Having already stopped in seven locations that have taken in countries as far afield as Hong Kong, South Africa and the United Arab Emirates, the penultimate weekend of rugby will feel a lot closer to home. May 4th will see the start of the Emirates Airline Glasgow Sevens, where the world’s top 15 sides – as well as Rugby Sevens World Cup hosts Russia – will play for the last few available points. The Scottish meeting has an added twist, however, as it is the last chance for the lower teams to avoid the dreaded relegation play-offs.
Teams placed 13th, 14th and 15th after Glasgow will be forced to defend their status as ‘core’ teams when the action moves to Twickenham in London. The unlucky sides will face off against Asian champions Hong Kong, plus Russia, Zimbabwe, Tonga and Georgia for three available places in the 2013-14 season. As it stands, Portugal and Spain are almost certain to be making up two of those numbers, but the remaining place may well be a toss-up between Scotland and the United States.
Scotland’s recent form has belied their current place in the standings. Although they’ve failed to win any silverware this calendar this year, Scotland have three times reached the final of the Plate competition (the second tier out of four), only to fall at the final hurdle to the likes of USA, Canada and New Zealand. Part of their struggles can be discovered in their performance in Hong Kong, where Scotland only reached the semi-finals of the Shield tournament, the lowest of the four competitions. They’re now in a precarious position heading into their home leg, a points tally on par with the United States that is the only thing protecting them.
The pools have already been drawn up for the showdown and it’s another tough ask for Scotland. They find themselves squaring up to old enemies England, with league leaders New Zealand lurking in the opening match. England’s first game is against Portugal, who they demolished 40-0 in Tokyo last weekend. Wales have their own challenges over in Group D, as they wait to meet up with France, USA and Russia.

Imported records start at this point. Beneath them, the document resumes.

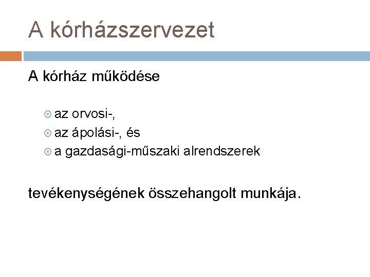A kórházszervezet A kórház működése az orvosi-, az ápolási-, és a gazdasági-műszaki alrendszerek tevékenységének összehangolt munkája.
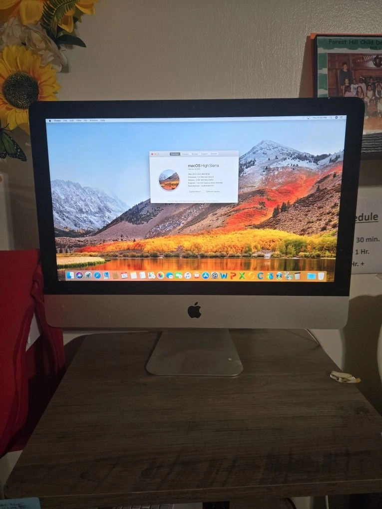 60iMac 21.5 in. 1.4Ghz i5 processor 8Gb Ram 500Gb HD Intel HD Graphics 5000. 1536MB High Sierra OS. Comes with keyboard and power cord ** NO MOUSE** SN: C02NV4MFFY0T Model: IMac Brand: Apple
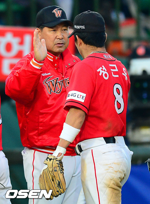 경기를 마치고 SK 이만수 감독과 정근우가 하이파이브를 하고 있다. / rumi@osen.co.kr

England are practically safe from the relegation tussle and it’s no surprise they’re already turning their attention towards next season. In the lead-up to the campaign that takes in the FIRA/AER European GP Series, the 2014 Commonwealth Games and, of course, next season’s World Series, England have recently announced the signings of three new players, the biggest of which being former England U20 captain Alex Gray. Having played alongside future stars Owen Farrell and Joe Launchbury, the London Irish player has committed to the Sevens format at a time when the Olympics are already beginning to loom. He’ll be joined by Championship players Luke Fielden and Phil Burgess from Newcastle Falcons and Cornish Pirates, respectively,
Now a recognisably global sport, it might not take for long for many to switch from the 15-a-side game in a bid for glory. The union senior side is a tough one to break into and the prospect of playing for Great Britain at Rio may be too much to turn down. It’s telling, though, that it’s not really anyone’s long-term career plan. “Sevens is always something I’d wanted to be involved in and while I can see myself returning to 15s at some time in the future it is a great way of developing my game,” Gray told the RFU. “England Sevens operate in a high-pressure environment wherever they play around the world and it’ll be a great way to test myself and my skills.”
A test, then, but little more. Representing England at the Six Nations and Rugby World Cup may always be a higher honour than being part of Team GB, but the addition of young blood into a mediocre sevens side is vital for England’s prospects at the Glasgow Commonwealth Games. They topped their group in 2010, before edging Samoa in the quarter-finals, but were unlucky to be drawn against the powerhouses of New Zealand next, who would eventually nab the gold medal. Losing to South Africa in the bronze medal match meant they were unable to come close to improving on their silver in 2006.
Before all that, Wales look to defend their crown at the World Cup in Russia this June but, with this likely to be the last edition, it’s become a drop in the ocean to what awaits the unified Great Britain team in three years.